Jim, who was then working part-time for a rehab clinic, began inviting June to his small apartment to spend time together, and the couple also started going out on the town together in Jim’s car, with June’s wheelchair in tow. “I told Dorothy Ann that I had feelings for this man that I had never experienced before in my life,” explains June. “I asked her if she thought it would be OK for me to give Jim a friendship ring.”
With Dorothy Ann’s blessings and encouragement, June went to a local jeweler in Sarasota and bought Jim a black onyx ring, and she had a diamond placed in it from a piece of jewelry she inherited from her mother. June gave the ring to Jim on Valentine’s Day in 2004.
“You would have thought I gave him the world,” June says, “and we decided to get married. I actually proposed to him!”
In a strange twist of fate that followed shortly thereafter, Jim fell from a curb and hit his head on the bumper of a car, an accident that later caused him to have a stroke. As a result, Jim lost his ability to walk. Both June and Jim were in wheelchairs at the time of their marriage, and Jim had to move from the apartment building to an assisted living facility nearby to receive more medical attention.
Regardless of the new challenges, the couple was determined to tie the knot and nothing could stop them from moving forward with their plans.

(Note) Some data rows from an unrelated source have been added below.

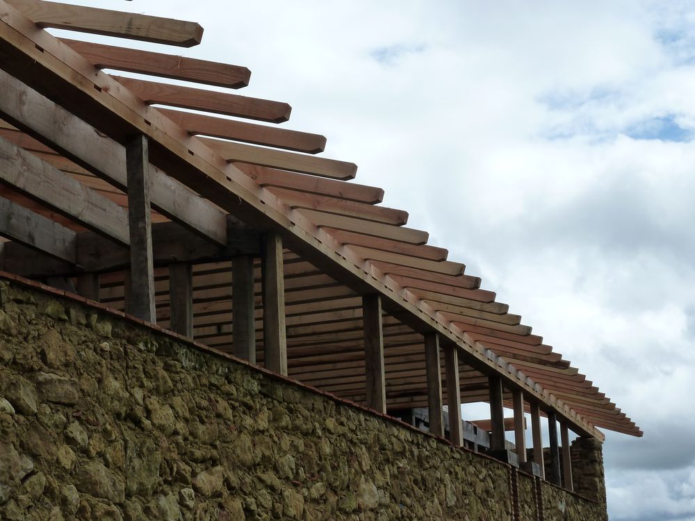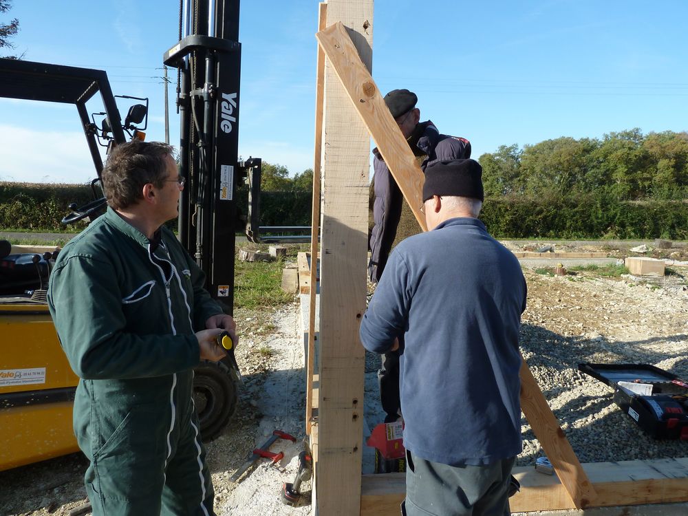 - L’ossature ainsi montée est laissée aux intempéries afin que le bois ressuie et “travaille” bien, avant de commencer les remplissages
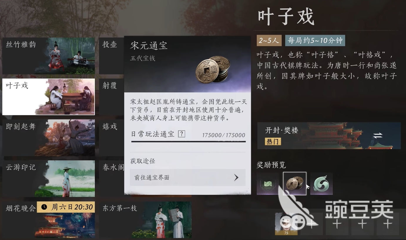 最后一種方法自然是從日常中獲得宋元通寶了,但要注意該方式存在著獲取上限,也是每周會(huì)重制額度,因此在用完本周的額度后就不用再做。目前日常中獲取宋元通寶的玩法有葉子戲和雀神爭(zhēng)霸,它們會(huì)根據(jù)各位游玩該項(xiàng)目的時(shí)間來(lái)給予宋元通寶獎(jiǎng)勵(lì),所以各位在閑暇時(shí)可多去體驗(yàn)下這兩項(xiàng)玩法,爭(zhēng)取將每周的宋元通寶都拿滿。若各位每周的周元通寶兌換未達(dá)到上限,也可在日常里游玩能獲取周元通寶的項(xiàng)目,然后再用兌換的方法,將周元通寶給換成宋元通寶。
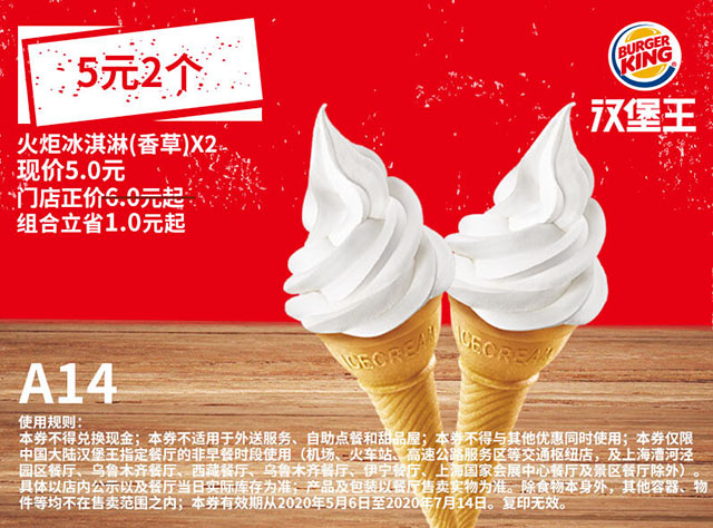 A14 火炬冰淇淋(香草)2个 2020年5月6月7月凭汉堡王优惠券5元
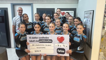 Jam Frederikshavn Cheerleaders modtager pantdonation fra Føtex-kunder
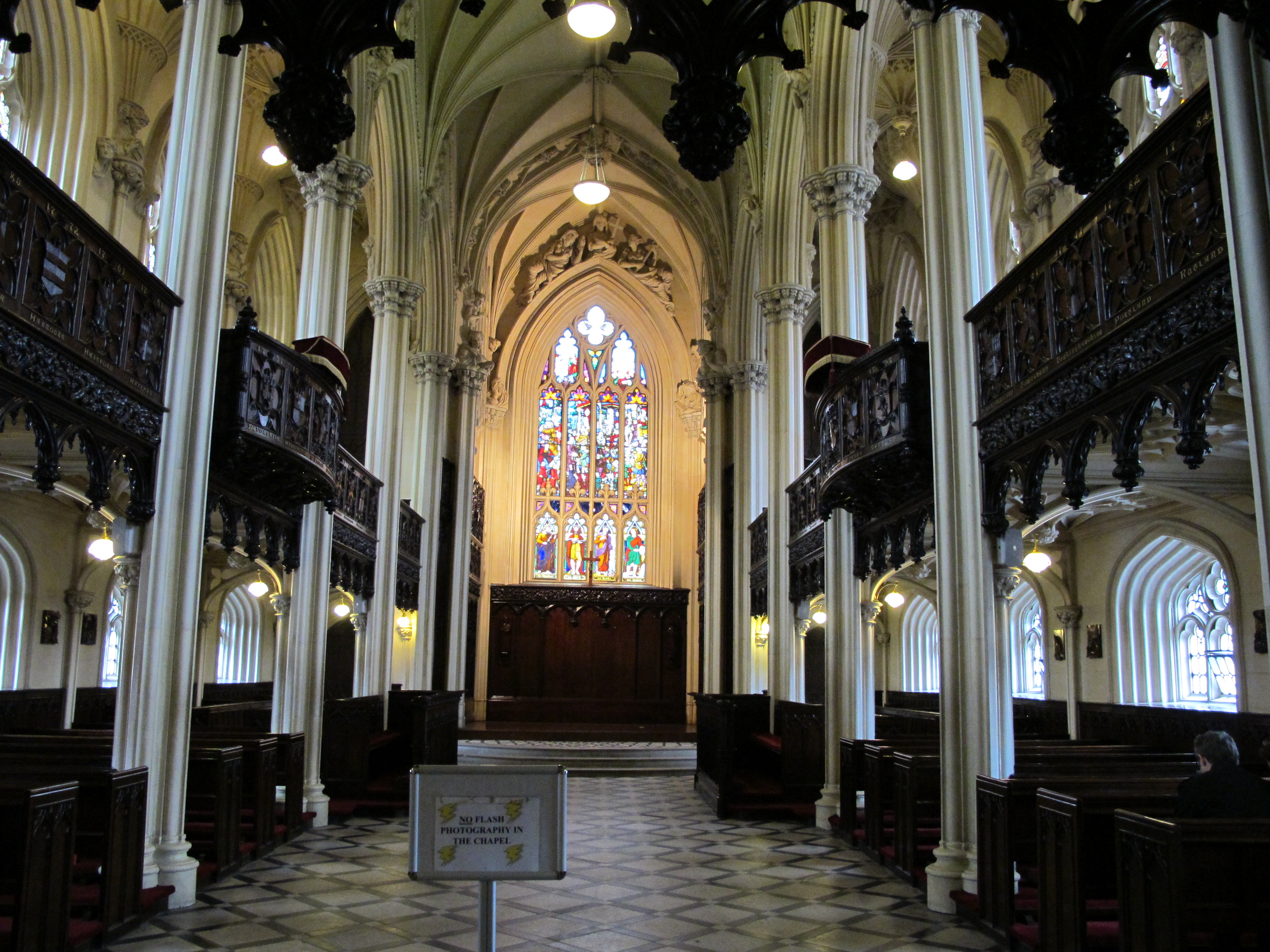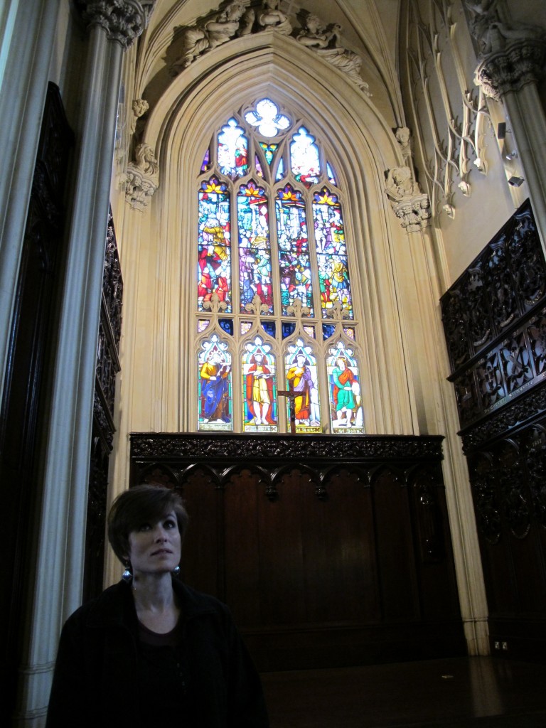 Inner courtyard of Christchurch Cathedral on Easter Sunday. Punctual worshippers on the inside, jet-lagged stragglers on the outside. Love the flower windows.
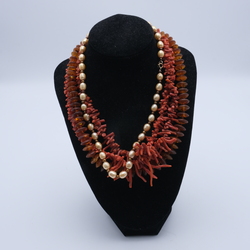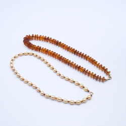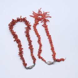 | Omschrijving | Lot van vier colliers: twee bloedkoralen staafjescollier met zilveren slot, een amberkleurig collier met zilveren slot en een parelcollier met 14 karaats (585/1000) geelgouden sloten |
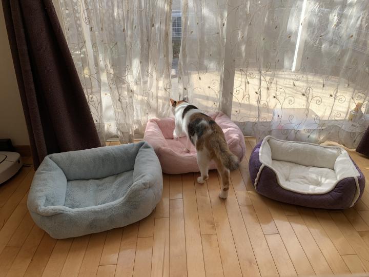 案の定 もっちゃんが寝ているネコベッドに 強引に入り込みました😫💦キャー
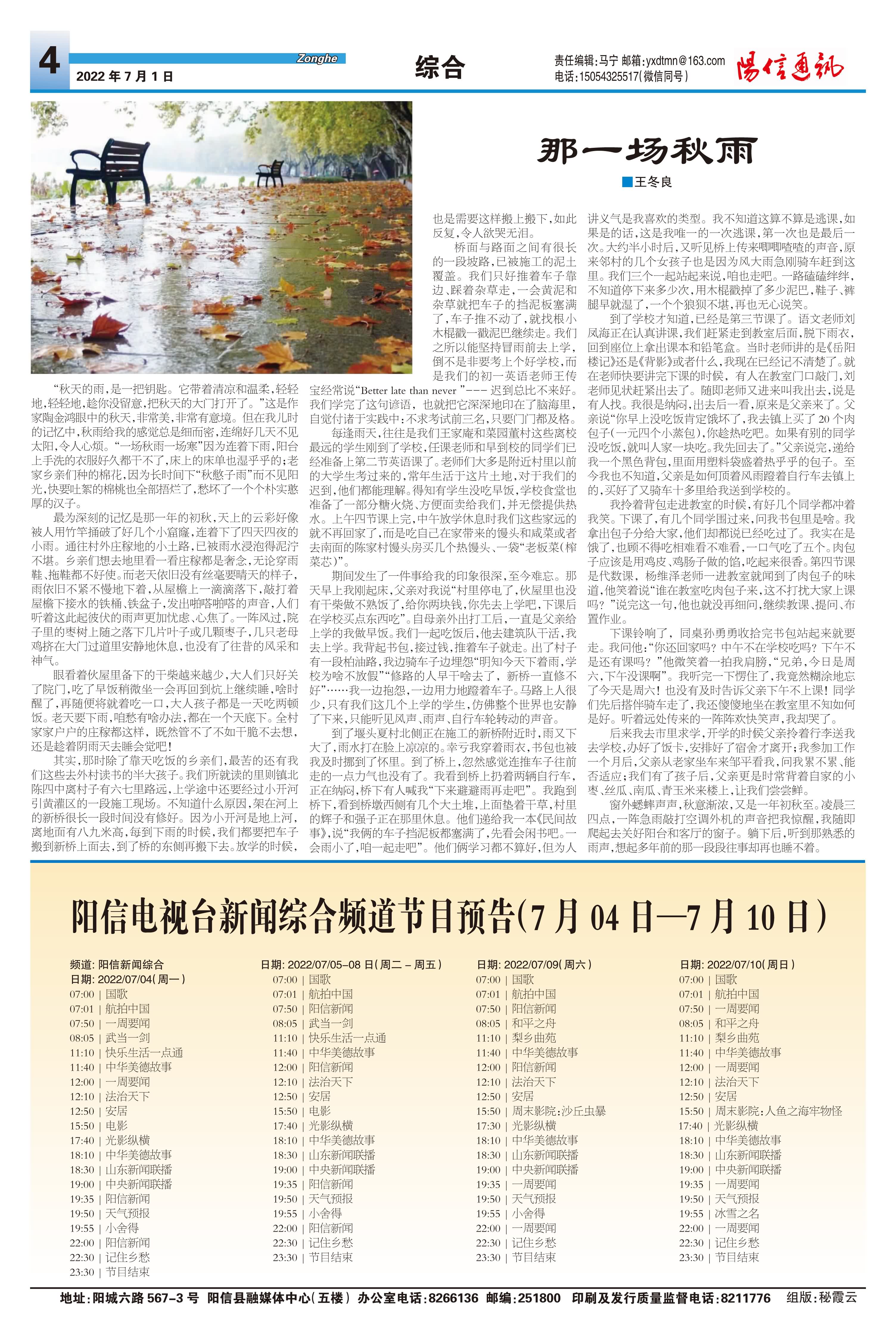 阳信电视台新闻综合频道节目预告(7月04日—7月10日)
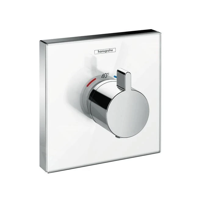 De Hansgrohe ShowerSelect Highflow thermostaatkraan met glazen oppervlak voor inbouwinstallatie maakt grote indruk door zijn moderne design in de combinatie wit/chroom en door de geweldige functionaliteit en eenvoudige bediening. De platte pingreep is eenvoudig te bedienen, ook met ingezeepte handen.

On April 18 of that year, Dorothy Ann and Donald presided over the ceremony at Unity of Sarasota, which was located on Cocoanut Ave. at the time, close to June’s apartment building. “She had on a light orchid pantsuit, and I made the netting for the veil with flowers,” says Dorothy Ann. “June’s aunt sent 300 white roses for the wedding, and a friend of June’s family who was an interior decorator set up the church’s fellowship hall with long tables and made beautiful centerpieces.”
After the ceremony and reception, Jim had to return to the assisted living facility in a medic’s car, and the memory of what followed is what both June and Dorothy Ann consider the true highlight of the day. “June and I were the last people at the reception,” recounts Dorothy Ann. “I had a little Toyota, and I followed June home from the hall with all of the gifts in my car.”
June was on the sidewalk in her wheelchair slowly making her way back to the apartment building. While Dorothy Ann was in the car the radio started playing “You’ll Never Walk Alone,” a show tune from the 1945 Rodgers and Hammerstein musical Carousel. “I turned it up full blast with both windows down, and June’s veil was blowing in the wind,” laughs Dorothy Ann. “I had no idea the traffic was building behind us! A police officer came up and directed the traffic around the two of us.”
The only night that June and Jim were ever able to spend together was the one after the wedding because Jim’s medical condition required that he live in a separate residence with more intensive care. “We had dreams of building a house,” remembers June. “But instead I spent every day by his side in his room holding his hand.”
“I don’t think many people try hard enough at their marriages, but I know I did. Jim was such a gentle and thoughtful man, and I loved him very much.”
Jim, a retired veteran, passed away three years after the marriage, and his flag hangs proudly high on the wall in June’s assisted living facility apartment. It is a constant reminder of the brief but wonderful time they spent together—a testament that true love can happen at any age.